What the task requires
Where the records below reach the line containing "9,000원/월부동산강제관리신청서입니다.", start transcribing, and end with the line containing "광장에는 20여미터 높이의", exactly and with nothing else added.

Collected data:
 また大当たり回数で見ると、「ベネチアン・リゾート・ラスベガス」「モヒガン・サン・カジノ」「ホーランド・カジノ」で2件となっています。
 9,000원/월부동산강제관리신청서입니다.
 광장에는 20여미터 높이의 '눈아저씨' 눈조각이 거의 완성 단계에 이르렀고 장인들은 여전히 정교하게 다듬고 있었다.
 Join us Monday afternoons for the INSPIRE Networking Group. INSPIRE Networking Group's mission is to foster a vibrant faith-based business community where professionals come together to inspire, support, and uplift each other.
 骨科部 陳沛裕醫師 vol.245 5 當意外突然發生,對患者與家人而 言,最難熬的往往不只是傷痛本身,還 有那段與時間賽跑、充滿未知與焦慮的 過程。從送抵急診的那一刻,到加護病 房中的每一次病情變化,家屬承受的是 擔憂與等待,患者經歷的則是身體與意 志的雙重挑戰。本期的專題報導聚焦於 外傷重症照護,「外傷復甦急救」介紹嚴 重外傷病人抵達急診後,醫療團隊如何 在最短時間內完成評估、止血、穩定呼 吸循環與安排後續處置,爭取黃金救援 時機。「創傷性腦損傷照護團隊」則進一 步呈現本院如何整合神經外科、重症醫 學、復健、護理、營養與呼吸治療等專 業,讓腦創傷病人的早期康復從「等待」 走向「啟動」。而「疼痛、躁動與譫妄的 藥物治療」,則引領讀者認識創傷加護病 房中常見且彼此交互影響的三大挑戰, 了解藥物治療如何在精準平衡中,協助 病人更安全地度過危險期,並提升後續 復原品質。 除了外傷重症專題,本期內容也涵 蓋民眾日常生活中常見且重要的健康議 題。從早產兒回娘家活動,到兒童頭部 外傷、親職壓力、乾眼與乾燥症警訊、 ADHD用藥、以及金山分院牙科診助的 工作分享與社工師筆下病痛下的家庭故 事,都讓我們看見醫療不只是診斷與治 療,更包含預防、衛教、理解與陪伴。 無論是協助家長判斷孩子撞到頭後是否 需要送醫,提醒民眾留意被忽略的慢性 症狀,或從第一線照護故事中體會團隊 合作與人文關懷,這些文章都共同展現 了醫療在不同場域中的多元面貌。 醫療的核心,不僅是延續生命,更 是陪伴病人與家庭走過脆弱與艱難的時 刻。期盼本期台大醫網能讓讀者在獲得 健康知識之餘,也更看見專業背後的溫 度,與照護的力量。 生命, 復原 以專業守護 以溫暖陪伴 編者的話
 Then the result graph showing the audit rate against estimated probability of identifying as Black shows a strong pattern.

Task solution
 9,000원/월부동산강제관리신청서입니다.
 광장에는 20여미터 높이의 '눈아저씨' 눈조각이 거의 완성 단계에 이르렀고 장인들은 여전히 정교하게 다듬고 있었다.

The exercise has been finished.